Available data below:

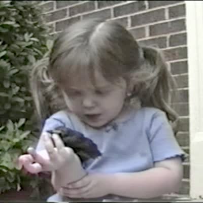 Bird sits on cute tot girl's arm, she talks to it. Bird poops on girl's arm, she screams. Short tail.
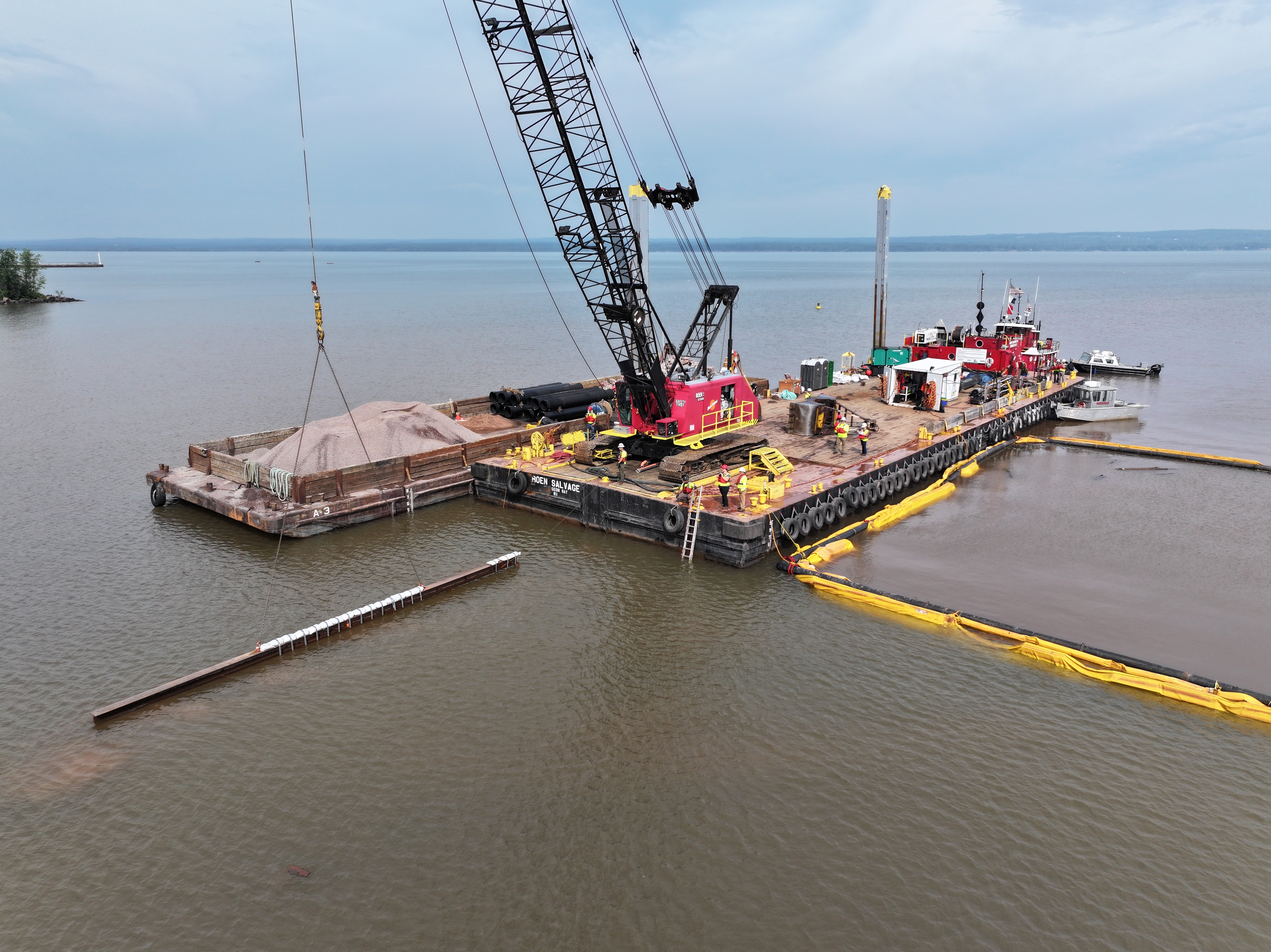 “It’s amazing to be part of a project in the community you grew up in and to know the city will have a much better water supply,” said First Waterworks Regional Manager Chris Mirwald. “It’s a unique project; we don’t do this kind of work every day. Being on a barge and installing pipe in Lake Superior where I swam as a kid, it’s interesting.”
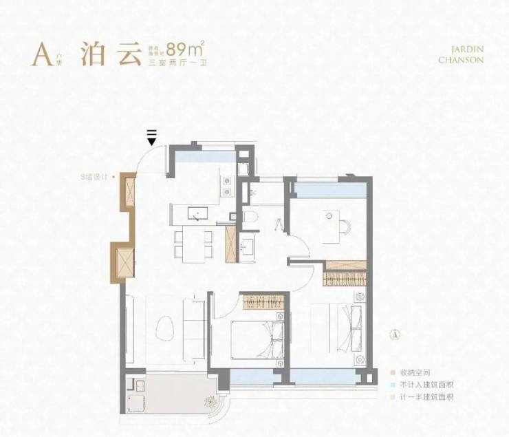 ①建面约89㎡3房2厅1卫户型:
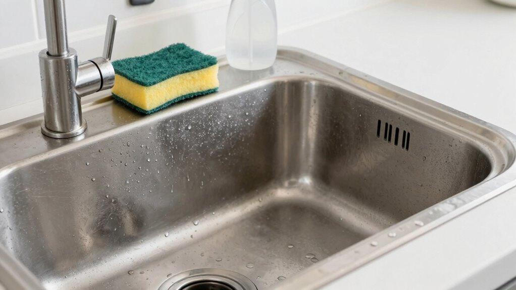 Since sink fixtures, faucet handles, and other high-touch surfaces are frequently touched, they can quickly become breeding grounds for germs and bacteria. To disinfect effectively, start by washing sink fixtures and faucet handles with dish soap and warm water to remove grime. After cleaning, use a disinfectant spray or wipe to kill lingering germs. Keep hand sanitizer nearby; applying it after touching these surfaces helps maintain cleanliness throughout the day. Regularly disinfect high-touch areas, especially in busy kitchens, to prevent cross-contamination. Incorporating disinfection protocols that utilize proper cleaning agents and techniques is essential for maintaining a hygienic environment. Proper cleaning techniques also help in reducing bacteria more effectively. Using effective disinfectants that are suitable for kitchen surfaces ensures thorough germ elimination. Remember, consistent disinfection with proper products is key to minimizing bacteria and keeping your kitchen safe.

End of Available data.

Assignment » Copy each line of the material above exactly, but not the images.

The completed task »
 Bird sits on cute tot girl's arm, she talks to it. Bird poops on girl's arm, she screams. Short tail.
 “It’s amazing to be part of a project in the community you grew up in and to know the city will have a much better water supply,” said First Waterworks Regional Manager Chris Mirwald. “It’s a unique project; we don’t do this kind of work every day. Being on a barge and installing pipe in Lake Superior where I swam as a kid, it’s interesting.”
 ①建面约89㎡3房2厅1卫户型:
 Since sink fixtures, faucet handles, and other high-touch surfaces are frequently touched, they can quickly become breeding grounds for germs and bacteria. To disinfect effectively, start by washing sink fixtures and faucet handles with dish soap and warm water to remove grime. After cleaning, use a disinfectant spray or wipe to kill lingering germs. Keep hand sanitizer nearby; applying it after touching these surfaces helps maintain cleanliness throughout the day. Regularly disinfect high-touch areas, especially in busy kitchens, to prevent cross-contamination. Incorporating disinfection protocols that utilize proper cleaning agents and techniques is essential for maintaining a hygienic environment. Proper cleaning techniques also help in reducing bacteria more effectively. Using effective disinfectants that are suitable for kitchen surfaces ensures thorough germ elimination. Remember, consistent disinfection with proper products is key to minimizing bacteria and keeping your kitchen safe.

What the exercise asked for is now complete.